An Integrated Electrophysiological and Structural Investigation of Cardiac Arrythmias Mechanisms in an Ex-Vivo Rabbit Model
The effective treatment of complex cardiac arrhythmias is currently limited by a disconnect between clinical diagnostics and the underlying pathophysiology. While 12-lead ECGs lack spatial resolution and invasive catheters provide only localized contact data, neither alone captures the full spatiotemporal complexity of fibrillation. This study compared panoramic optical mapping, electrical contact mapping, and tissue structure to link cellular activity directly with clinical signals and the underlying substrate.
Simultaneous optical and electrical recordings in ex vivo rabbit hearts (n=16) were performed. Independent Component Analysis (ICA) was used to isolate atrial signals from ventricular noise. It was followed by comparing the mapping modalities using Dominant Frequency (DF), Fluorescence, Potential, Organization Index, and Local Activation Time (LAT) maps. Finally, the functional data was correlated with Hematoxylin & Eosin histology to quantify nuclear density, myofiber disarray, and interstitial space expansion.
ICA successfully isolated high-fidelity signals for comparison. In organized rhythms, spatial maps and activation times aligned closely and identified similar regions of earliest activation. DF matched between optical and electrical modalities during sinus rhythm (Sinus Rythm: 2.72 vs 2.80 Hz) and sinus tachycardia (ST: 4.73 vs 4.67 Hz).

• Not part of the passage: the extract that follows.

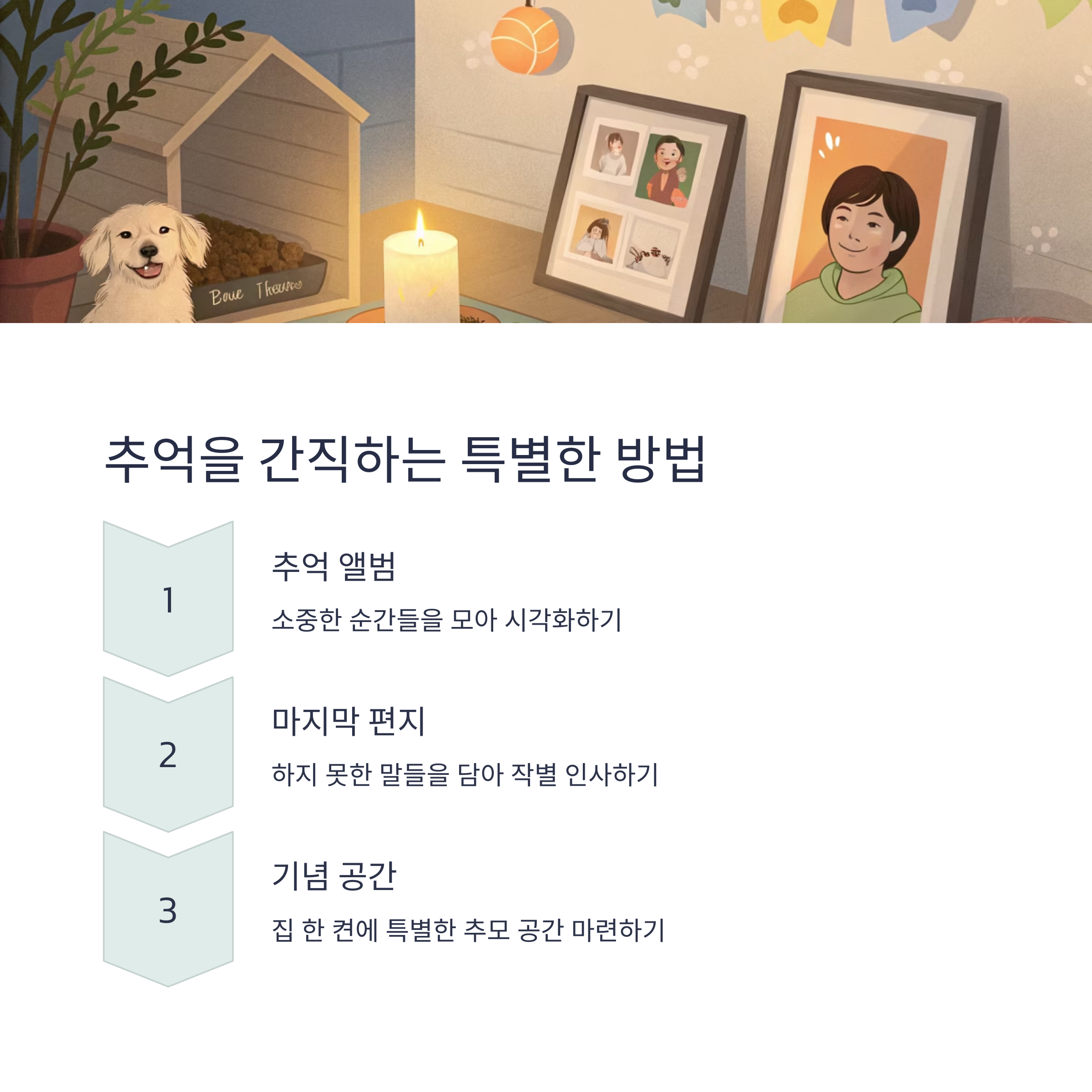 | 상실 후의 심리적 충격, 회복 과정 필요 | 감정 준비, 기록, 마지막 인사 등 포함 | 사진, 영상, 손편지로 추억 정리 |

Notably, optical activation consistently preceded electrical earliest activation time points.
Modality agreement was not as similar as the rhythms became disorganized. In atrial fibrillation (AF) within the right atrium, optical mapping indicated a DF of 5.97 ± 0.89 Hz, while electrical electrodes recorded fractionated signals with lower frequencies (5.08 ± 2.50 Hz) and low organization (OI: 0.33 ± 0.13). Similar trends were observed in the left AF, where DF aligned closely between optical (2.30 Hz) and electrical (2.28 Hz) modalities, but electrical recordings significantly underestimated organization (OI: 0.15) compared to optical mapping (OI: 0.74).
Ventricular fibrillation (VF) displayed spatial pattern divergence between fluorescence and potential maps, although LAT maps indicated similar earliest activation regions. VF DF measured 5.40 ± 0.60 Hz optically compared to 6.40 ± 0.51 Hz electrically. Histological analysis confirmed arrhythmic hearts possessed significantly higher nuclear density and structural remodeling. These samples exhibited interstitial expansion and disarray scores of 1–2 relative to 0 in controls.
This study establishes a direct link between structural heterogeneity and functional divergence. Arrhythmic hearts displayed acute remodeling characterized by significant myofiber disarray and interstitial space expansion. This interstitial widening acts as a functional surrogate for microstructural uncoupling, which disrupts lateral gap junction communication and stabilizes re-entrant drivers. This work defines the physical limits of surface-based mapping. This study demonstrate that while contact electrodes capture the temporal periodicity of fibrillation, the spatial complexity of the arrhythmogenic substrate requires a multimodal approach for characterization.